• Приглашаем посетить наш сайт
    Майков (maykov.lit-info.ru)
  • У стен града невидимого.
    Глава IV. Церковь видимая

    ГЛАВА IV

    ЦЕРКОВЬ ВИДИМАЯ

    Церковь видимая, каменная, с колоколами, иконы – боги, обряды в их прямом значении – вот ближайший путь к душе народа. Я думал, что он невозможен для нас. Невозможны и всякие попытки. Но нет... На Волге все знают одного доктора, человека верующего, как и народ. Презрительно смеются над ним: больных нужно лечить, а не заставлять богу молиться. Верующие, наоборот, очень довольны соединением врача и священника в одном лице.

    Я познакомился с этим врачом. Мы разговорились. Я заступался за разум человеческий, я говорил, что в подчинении его божественному разуму часто таится обычный, не для всех обязательный, страх перед физической смертью.

    – Как вы могли поверить?– сказал я наконец.

    – Это было чудо,– ответил врач.

    Мы помолчали.

    – Когда-то и я верил в чудеса, как Авраам, ждал к себе в хижину добрых ангелов. И не дождался... Для меня мир стал голым, без чудес. И много всяких обманов – много всего... Теперь при одном слове «чудо» мне рисуется пребывание Ионы во чреве китовом три дня под действием желудочного сока.

    – Неужели и в это верите? – спросил я врача.

    – Верю.

    – А желудочный сок?

    – Чудо. Для бога все возможно.

    Я, конечно, не стал возражать. Я понял, что у доктора слова имеют двойное значение: медицинское и другое, отвечающее такому чувству, которого у меня, быть может, и вовсе нет.

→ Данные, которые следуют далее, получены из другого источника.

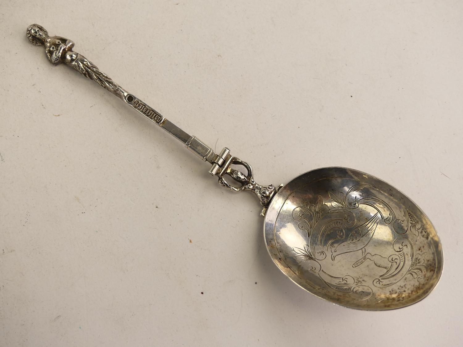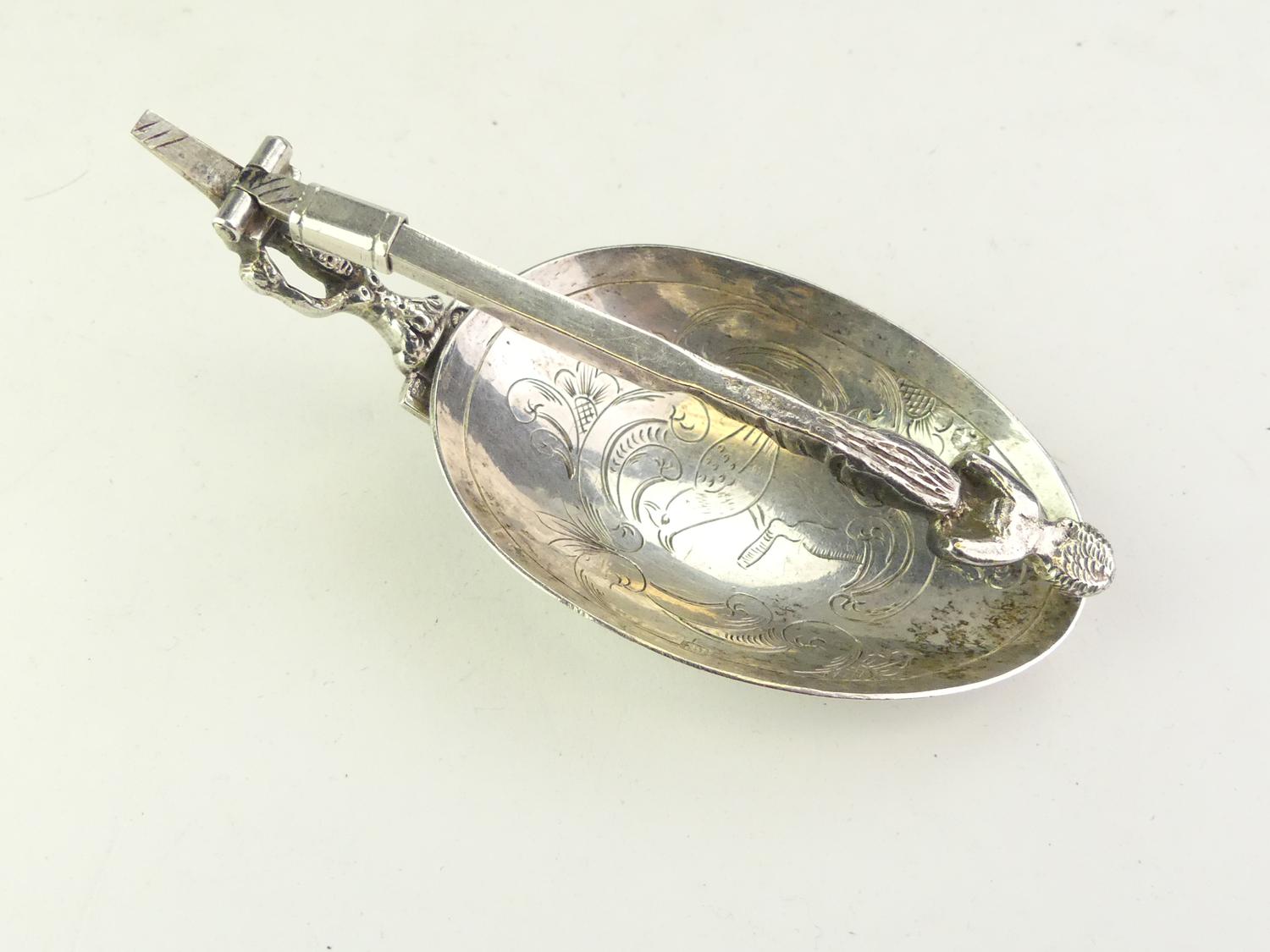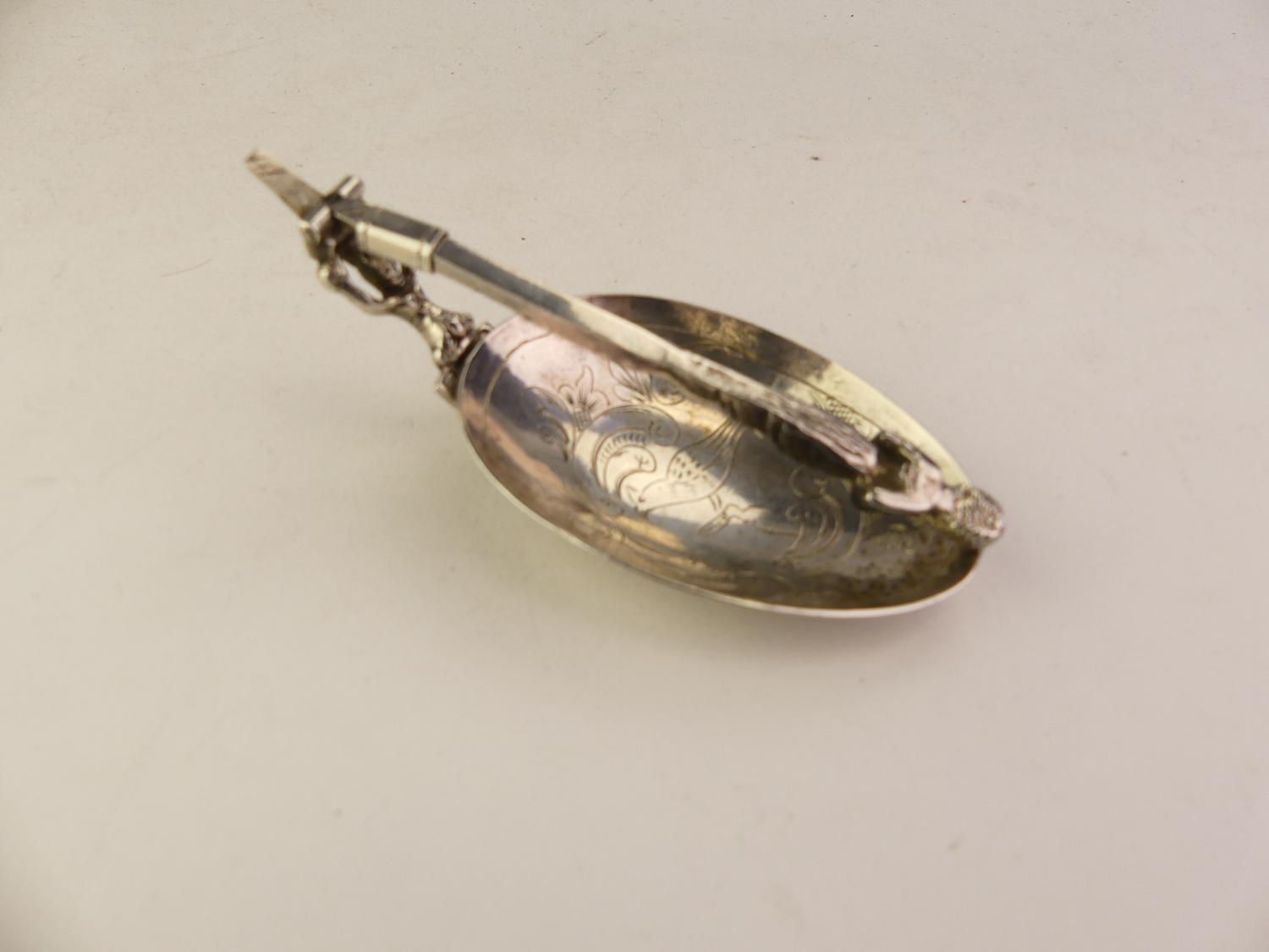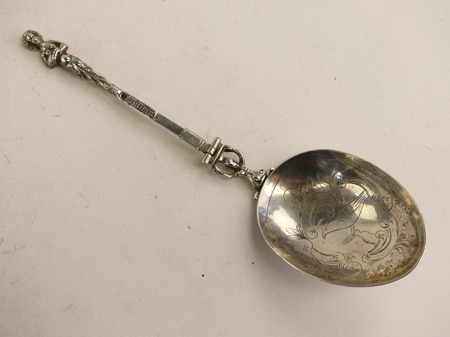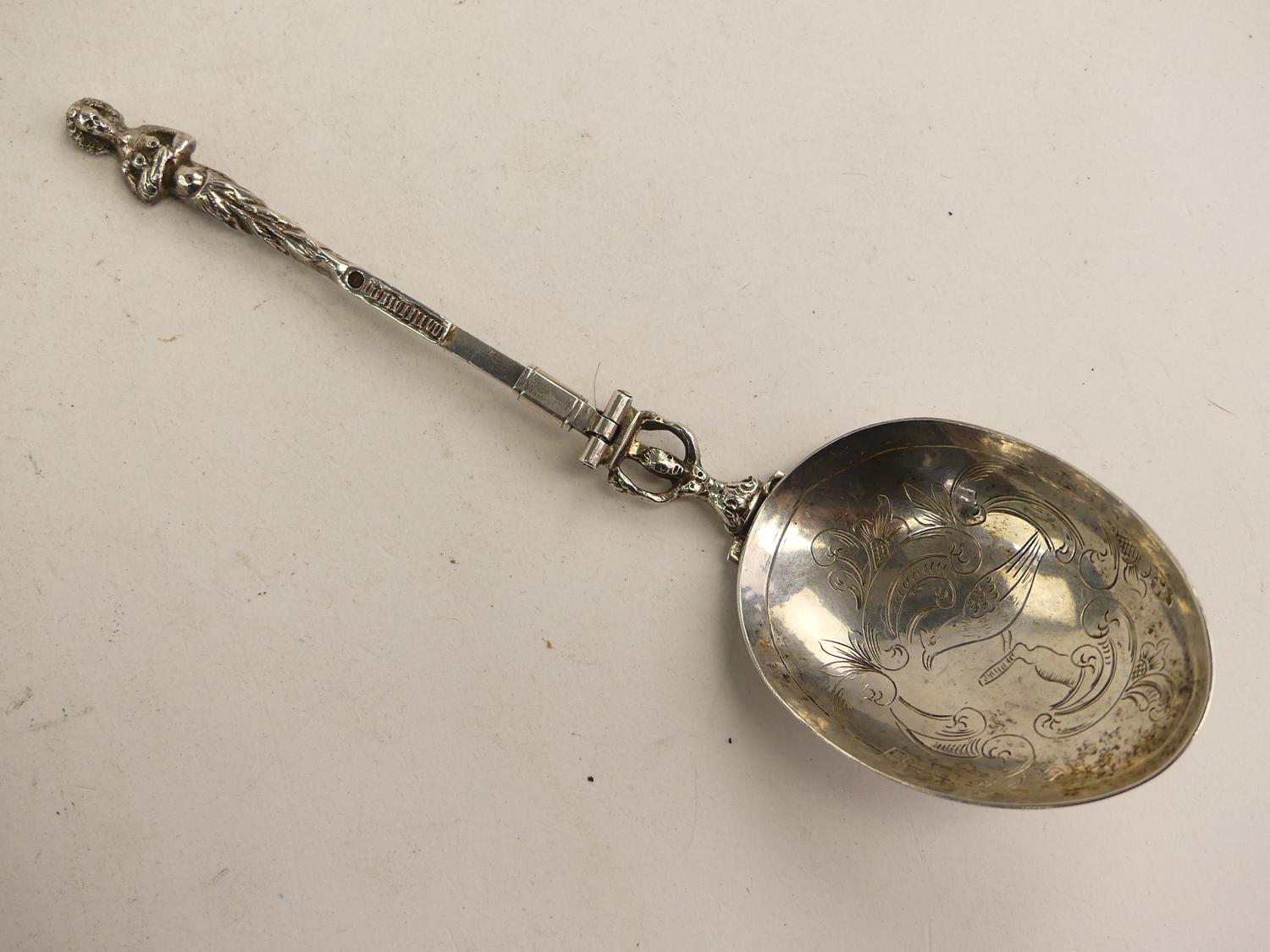 19th century dutch export silver metamorphic spoon fork, length 7"

    Доктор стал мне рассказывать раздраженно, как ему пришлось девять лет бороться с духовенством за истинную православную церковь при смехе интеллигенции. Теперь он бросил все. Убедился, что только в староверчестве сохранилось то, чего он ищет. Австрийское согласие старообрядчества в особенности близко к его идеалам. В эту «веру» врачу мешает перейти лишь вопрос о благодати. В глубине истории этого согласия есть какое-то лицо, взявшее на себя будто бы самочинно таинство священства в Белой Кринице в Австрии. Что-то вроде этого... Тут и прерывается благодатная связь австрийского согласия со вселенскою церковью.

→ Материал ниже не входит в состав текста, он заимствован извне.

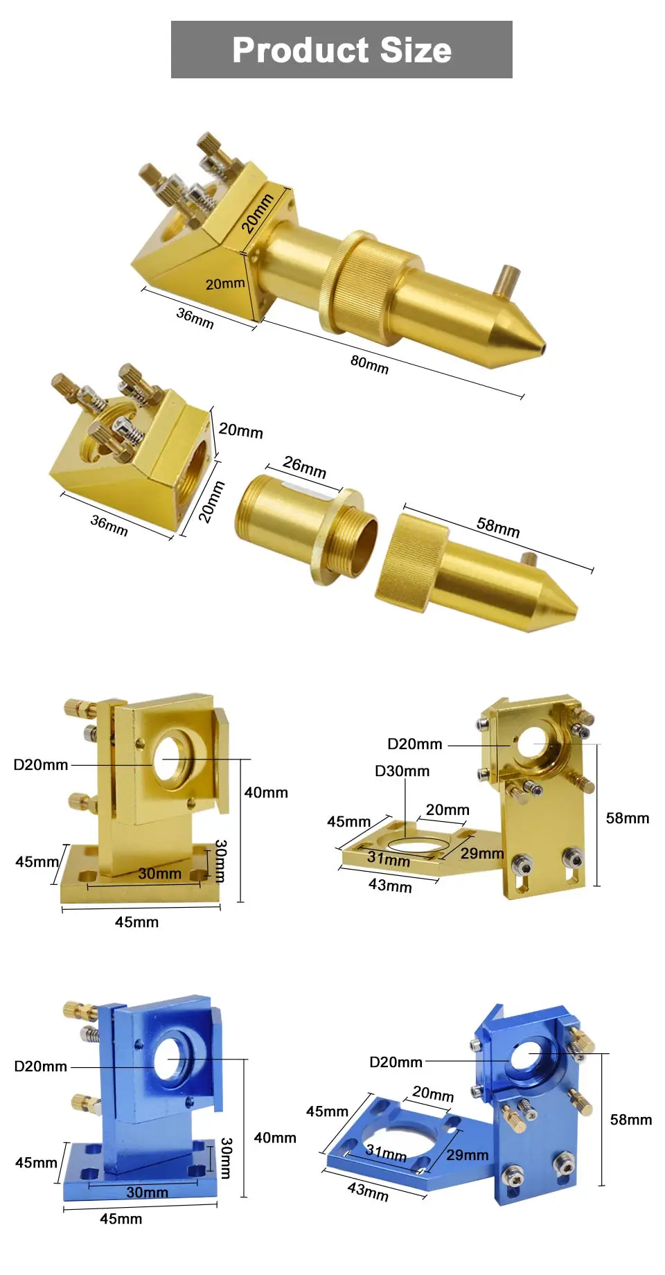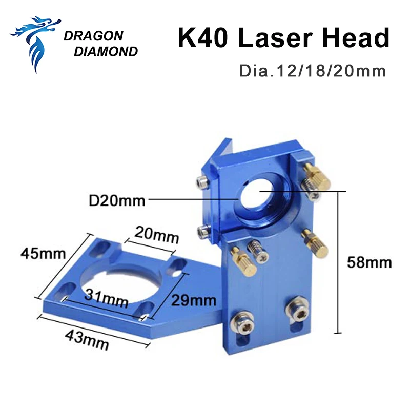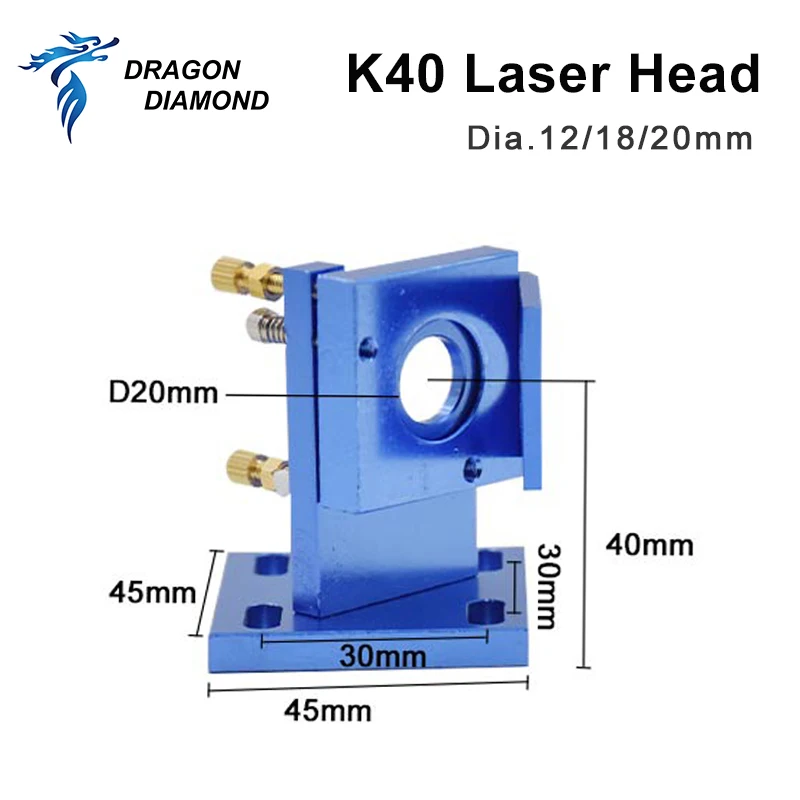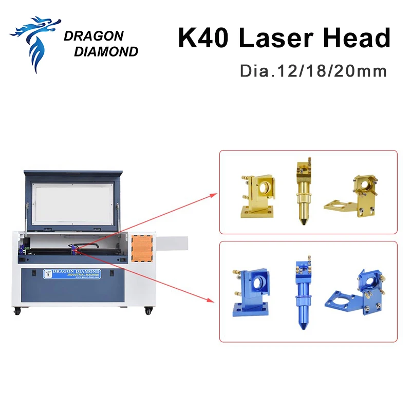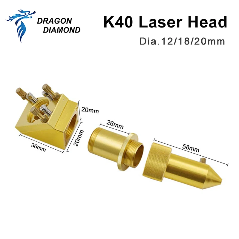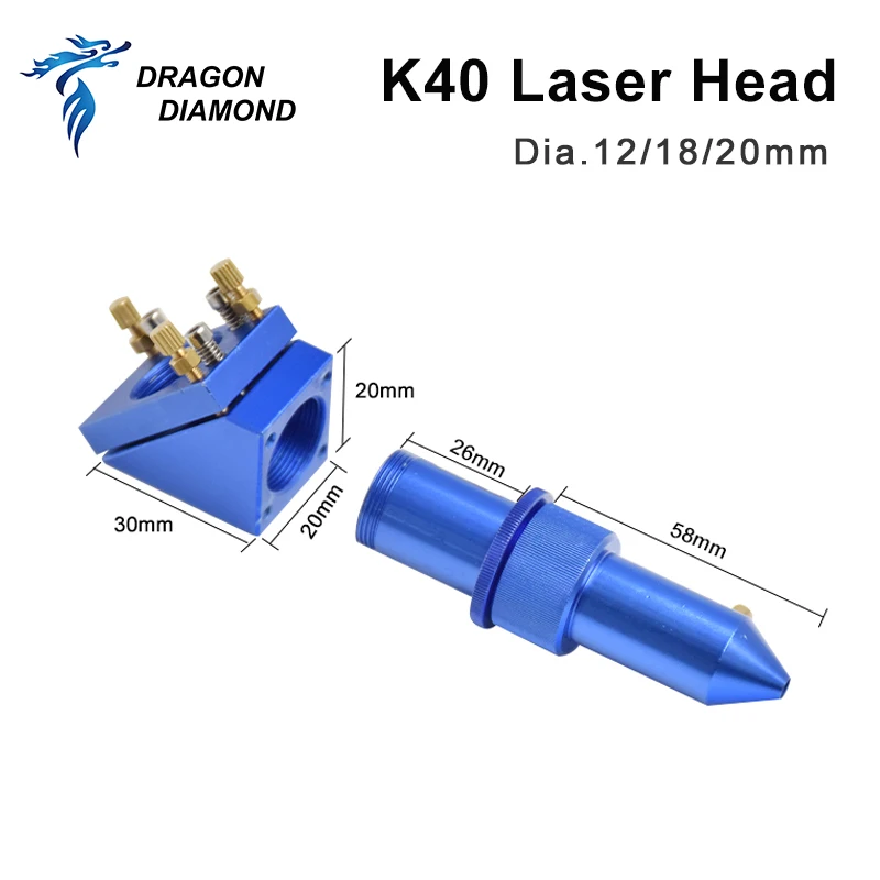 Серия K40: CO2 лазерная головка набор лазерный гравер Dia.12 мм 18 мм 20 мм FL 50,8 мм для 2030 4060 CO2 лазерный гравировальный станок для резки

    Мне, наблюдателю, доктор очень рекомендовал познакомиться с епископом австрийского согласия, дал к нему письмо.

    Этой беседой с доктором и начались мои дорожные впечатления из области видимой церкви.

    С письмом доктора я пошел к архиерею, но в адресе была какая-то ошибка. Я долго блуждал по улицам и наконец обратился к старику в черном длинном кафтане, конечно, староверу. С большим почтением отнесся ко мне старик и повел сам к архиерею.

    – Как у вас,– спросил я его,– после закона о свободе совести?

    – Слава тебе господи,– ответил старик.– Звон, везде звон, по всему Заволжью звон. Везде церкви новые строят, старые поправляют, везде колокола, везде звон.

    Сияет старичок. И вспомнили мы с ним те суровые времена, когда старообрядцы даже в чугунные доски опасались сильно звонить. Теперь эти времена прошли.

    – Слава тебе господи,– перекрестился старик двумя пальцами.– Слава тебе господи, государь слабость даровал, теперь везде, по всем церквам звон.

    Так болтая, дошли мы до архиерейского дома.

    – Вот тут живет владыка,– указал мне старик. Я вошел во двор, поднялся по деревянной лестнице вверх и вдруг увидел перед собой множество больших и малых колоколов, а между ними совершенно такого же старика, как мой провожатый, с веревкой в руке ко всем колоколам.

    – Звон, звон,– в ужасе прошептал я, представляя себе, что все эти колокола зазвонят тут, на деревянной лестнице, в деревянном доме.

    Я принял старика за архиерея. Это ничуть не удивительно. У старообрядцев нет школ, семинарий, академий; мне говорили даже, что теперешний епископ был простым солдатом. Мне не показалось странным, что епископ, радуясь дарованной свободе, увлекается звоном в колокола.

    – Ради бога, владыка,– сказал я, – подождите звонить, у меня к вам письмо от доктора N.

    Старик оставил веревку, взял письмо и повел меня вниз по лестнице. Он – не архиерей, изумляется мне, оглядывая с головы до ног.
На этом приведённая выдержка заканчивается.